Expert offers tips to craft effective enterprise social media strategy

Organizations must assess their enterprise social media strategy to see whether social technology supports their business, says AIIM's Jesse Wilkins.

Editor's note: This is the final article in a two-part series about how to assess an organization's use of enterprise social media and establish a strategy for success. The first part discussed six ways to gather information for a social business assessment.

These days, it's hard to imagine doing business with an organization that doesn't have a website. In fact, if most companies found that a prospective business partner had no Web presence, that prospect would probably be eliminated from the list of contenders.

Information management professionals are eventually going to think the same way about companies and nonprofits that lack a formal enterprise social program, according to Jesse Wilkins, director of research and development at the Association for Information and Image Management (AIIM) in Silver Spring, Md. In other words, it's becoming essential for businesses to have an enterprise social media strategy.
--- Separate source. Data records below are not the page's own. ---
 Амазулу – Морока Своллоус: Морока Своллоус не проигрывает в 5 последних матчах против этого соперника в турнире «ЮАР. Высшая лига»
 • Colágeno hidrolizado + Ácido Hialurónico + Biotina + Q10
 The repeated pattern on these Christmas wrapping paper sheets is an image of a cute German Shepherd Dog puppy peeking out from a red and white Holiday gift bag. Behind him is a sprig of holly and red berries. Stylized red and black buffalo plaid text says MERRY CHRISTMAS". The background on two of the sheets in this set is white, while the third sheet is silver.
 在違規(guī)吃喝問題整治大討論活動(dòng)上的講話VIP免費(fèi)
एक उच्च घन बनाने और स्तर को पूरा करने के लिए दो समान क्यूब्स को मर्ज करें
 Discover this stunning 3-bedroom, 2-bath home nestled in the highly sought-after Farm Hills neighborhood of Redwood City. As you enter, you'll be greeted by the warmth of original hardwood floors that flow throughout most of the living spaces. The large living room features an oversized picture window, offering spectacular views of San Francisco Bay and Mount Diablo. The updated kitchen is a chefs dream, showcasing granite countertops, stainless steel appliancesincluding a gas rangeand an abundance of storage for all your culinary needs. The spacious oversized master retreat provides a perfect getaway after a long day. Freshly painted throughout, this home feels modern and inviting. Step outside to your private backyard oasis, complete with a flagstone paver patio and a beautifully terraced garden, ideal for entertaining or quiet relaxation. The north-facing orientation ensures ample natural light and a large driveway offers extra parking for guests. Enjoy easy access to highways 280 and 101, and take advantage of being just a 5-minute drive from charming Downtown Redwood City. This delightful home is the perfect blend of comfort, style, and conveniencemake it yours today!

More than three quarters of organizations are using social media, and more than half consider social media technology critical to their success, according to a recent AIIM survey entitled Social Business Systems - success factors for Enterprise 2.0 applications.

According to the survey, only 21% of responding organizations make no use of social business applications. Among those companies, about 6% reported that such activities are specifically discouraged. But 38% of respondents are moving to an enterprise-wide strategy, and 18% think social media is something that should be actively used and coordinated throughout the business.
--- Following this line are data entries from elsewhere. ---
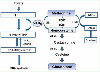 Figure 1 Mechanisms linking Vitamin?B12 deficiency to cognitive decline. Folate (vitamin B9) is converted to Tetrahydrofolate (THF) and subsequently to 5,10-methylene THF via MTHFR and vitamin B2-dependent reactions. 5-methyl THF donates a methyl group to homocysteine, a reaction catalyzed by methionine synthase (MS) with vitamin B12 as a cofactor, regenerating methionine. Methionine is converted to S-adenosylmethionine (SAM), the universal methyl donor, which cycles to S-adenosylhomocysteine (SAH) and back to homocysteine. Homocysteine can also be remethylated via betaine homocysteine methyltransferase (BHMT) using choline-derived betaine or converted to cystathionine and cysteine through the vitamin B6-dependent transsulfuration pathway, ultimately forming glutathione. Disruptions in these pathways due to B12, folate, or B6 deficiency result in elevated homocysteine, impaired methylation, reduced DNA synthesis, oxidative stress, and increased risk for vascular and neurocognitive disorders.
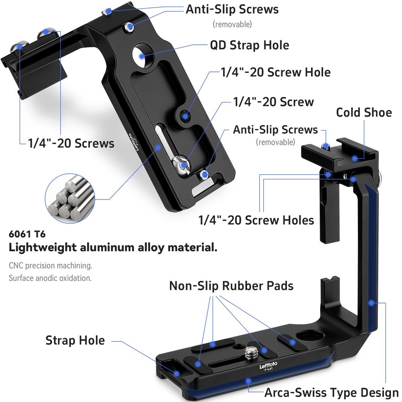 • 【Stable and Protective】- The L bracket holder made out with aviation aluminum alloy with highly-precise CNC technique;Each side of the camera L bracket is equipped with an anti-slip screw to increase stability. Rubber pads are added on the bracket to protect the camera surface from scratch and abrasionmovable
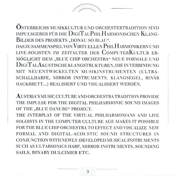 Recorded 1990 at the Blue Chip Academy in 4173 St. Martin (MK)/Austria and the Elektronisches Försterhaus in Linz, Austria.
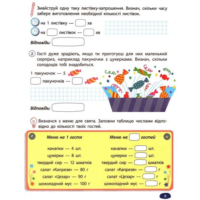 Завдання підібрано відповідно до віку дитини і шкільної програми, але в новій сучасній формі. Наприклад, школяр плануватиме бюджет, влаштовуватиме вечірки та обиратиме подарунок вивчаючи математику.
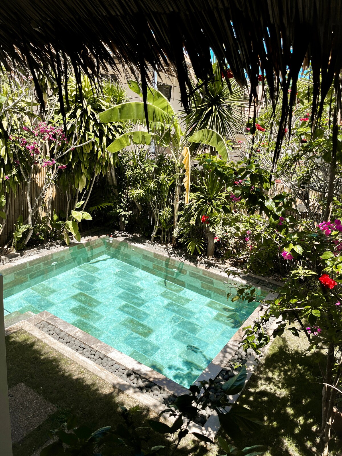 Grazie alla posizione centrale di questo alloggio, il gruppo potrà accedere facilmente a tutte le attrazioni locali. Questo alloggio si trova a 12 minuti a piedi da Dmall e a 5 minuti a piedi dal lungomare di Bulabog. È l'unica villa in stile balinese con 4 camere da letto (design open space) con piscina, cucina e griglia nella zona di Bulabog. La casa si trova in una zona residenziale. Non molto trafficata, ma comunque molto accessibile con etrike e habal. Aspettati il canto dei galli ogni mattina, che ti avvicina alla natura mentre ammiri l'alba.

Organizations interested in launching a social media strategy -- whether to enable collaboration within the enterprise or establish more meaningful relationships with customers -- need to begin by examining their current and potential use of social media tools, Wilkins said. The key is to determine whether incorporating enterprise social network (ESN) technology into business processes makes sense and aligns with the company's overall business strategy.

"Social media shouldn't take the place of a lot of existing processes," Wilkins said. "[It] can be very complimentary in support of them."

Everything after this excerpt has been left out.